Tuesday, January 21, 2014

Evolution's Other Father

Alfred Ressel Wallace- Wikipedia
The story of the theory of evolution begins and ends with Darwin in the popular literature, but frequently ignores or at least downplays the role of Alfred Russel Wallace.  While Darwin published first and continued to research natural science, Wallace in his own way was the more interesting character. 

A series of two one hour shows on BBC presents the story of Wallace in a somewhat breathless manner, beautifully photographed and spiced up by the narrator.  It is entertaining and factual although overly dramatic in suggesting that Wallace was the "real father" of evolution theory.

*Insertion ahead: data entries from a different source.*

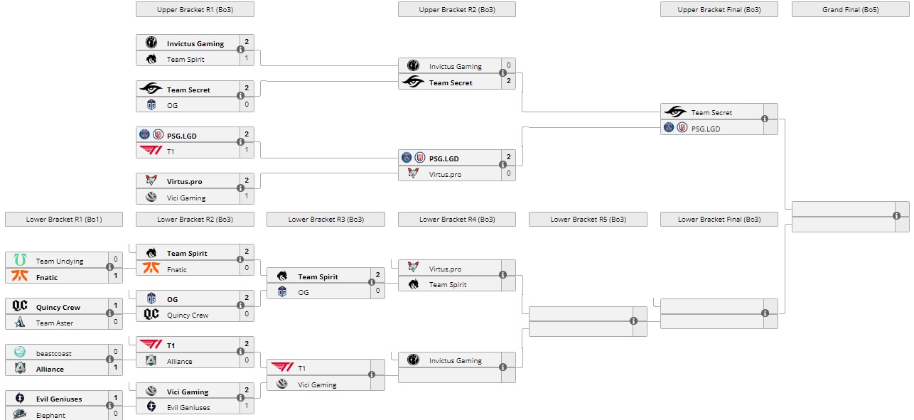 В плей-офф The International 10 Team Spirit со счетом 2:0 обыграла OG и вышла в топ-6 турнира. Следующим соперником “драконов” стала Virtus.Pro. Матч запланирован на 16:00. А европейская команда покинула турнир, заняв 7-8 место и заработав $ 1 000 500.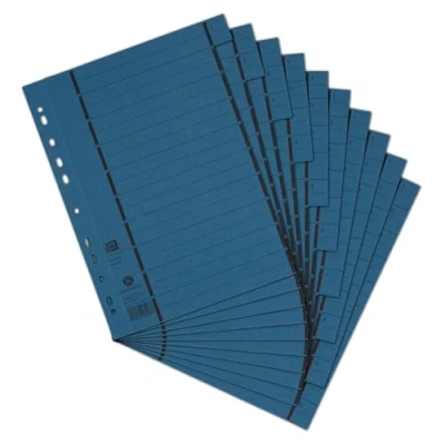Format: DIN Extra-wide A4, dimensions: 240 x 300 mm (W x H) Blue Made from 250 g/m² manila cardboard (recycled material); certified with the "Blue Angel" environmental seal Lined, detachable tabs 1 - 10 Pack of 100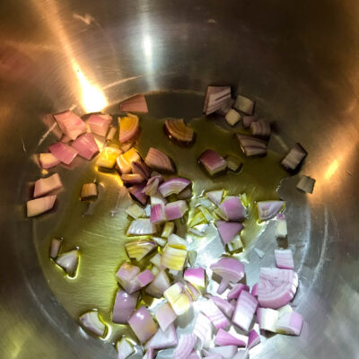 In una pentola fai imbiondire la cipolla o lo scalogno, con sale (salsa di soia) e olio evo. Per sprigionare ancora di più l'aroma puoi mettere ora anche le erbe aromatiche (io le avevo dimenticate e le ho messo dopo)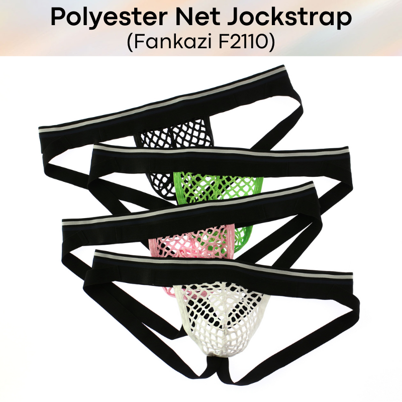 Made of polyester. Net pouch for visibility and breathability. 3.8cm waistband with a slim 2cm bum strap.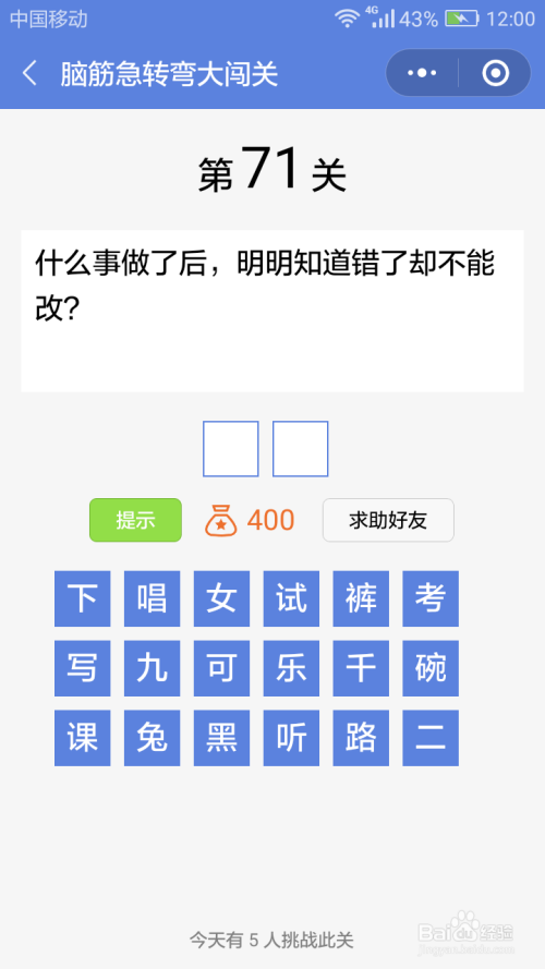 第71关谜底是测验。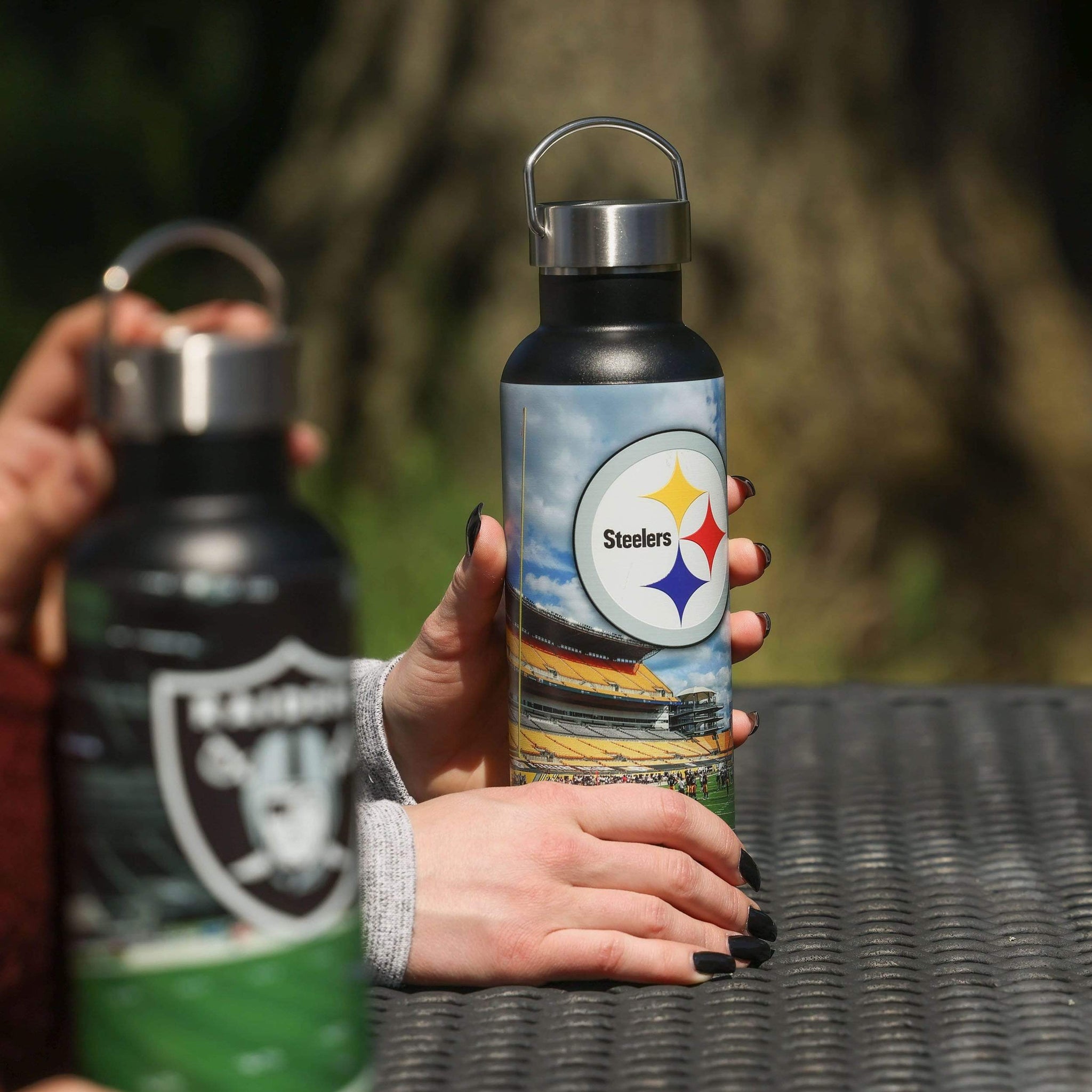 You know what they say - There's no place like home. Now you can take your home field with you wherever your team spirit takes you by sipping your favorite beverage from this Pittsburgh Steelers Home Field Hydration 25 oz. Bottle!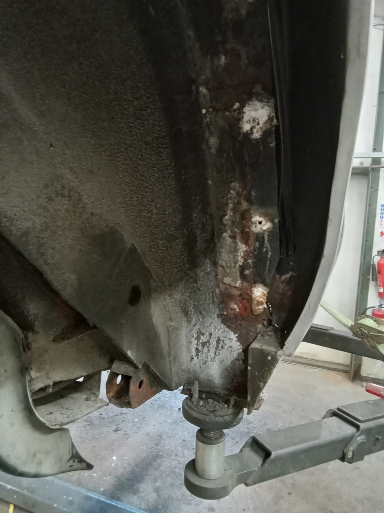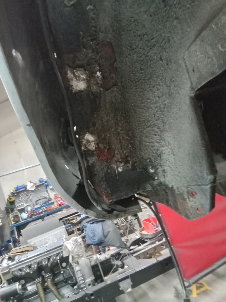 Greg, one of our restoration technians here at Bridge Classic Cars, has cut out the areas of rust on our 1970 Aston Martin DBS 6 Vantage as part of the inspection to see how far the rust issue goes. After all of the effected areas had been cut out and neutralised he could completed the work on the affected spot.

Perhaps the most interesting story is his discovery of what is now called the Wallace Line which dramatically separates the species of Australia and Asia across a narrow 17 mile strait between two islands.  

The filming takes the narrator and guide Bill Bailey into wild places at apparent risk of life and limb.  It ignores the fact that a camera crew, hauling hundreds of pounds of equipment across rivers and up into the trees to photograph wildlife, faced even greater hardships.  In spite of this quibble, it is an interesting two hour series, beautifully filmed history that is even more intellectually fulfilling than keeping up with the Kardashians.

If you enjoy the natural world, no matter what your views are on evolution, you will learn a lot by watching Alfred Russel Wallace Part 1 and Part 2.

Wallace wrote about his travels in The Malay Archipelago, a book that has never been out of print since.  It was praised by Darwin and other scientists, and was dedicated to Darwin.  It is available in PDF form or online reading for free at archive.org.